The initiative had grown out of months of discussions and a growing sense of trust among a small circle of friends, all of whom were repelled by what was happening in Germany. Their intention was to spread the word that there was German opposition to Hitler. They wanted to encourage other Germans to question the dictatorship. They chose to use a nonviolent form of resistance: creating and distributing leaflets. Hans and Schmorell prepared the first leaflet called “Leaflets of the White Rose.” These documents criticized the Germans who acquiesced and did not oppose Hitler’s regime, beginning with this declaration:

Nothing is so unworthy of a civilized people as allowing themselves to be governed— without resistance—by an irresponsible and base clique. Is not every honest German today ashamed of his government? And who among us can guess the dimensions of the shame that will engulf us and our children, when the veil falls from our eyes one day and the most gruesome and immeasurable crimes come to light?

When Sophie first saw the leaflet, she was not sure who had created it. Her brother did not at first want to allow women to take part in their risky activities. Eventually, however, Sophie helped prepare and distribute the leaflets and managed the group’s finances. Franz Mueller stated, “Sophie Scholl, she was the heart—Hans and Alex were the thinking behind the White Rose” (Axelrod 62-63).

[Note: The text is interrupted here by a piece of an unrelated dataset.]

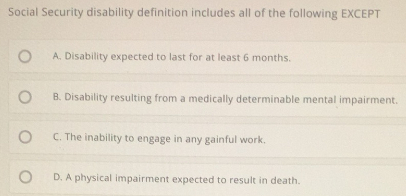 Solved: Social Security disability definition includes all of the ...

The White Rose group continued to prepare and distribute leaflets bearing the title “Leaflets of the White Rose.” They were printed on hand-operated mimeograph machines and mailed to some people sympathetic to their cause. The second leaflet referred to the murder of “300,000 Jews” and intellectuals. They were one of the first groups to announce this reality to the public.

Subsequent leaflets encouraged Germans to sabotage the German war industry and described the war as a manifestation of evil. All of the leaflets condemned the Nazi regime and listed their crimes against humanity.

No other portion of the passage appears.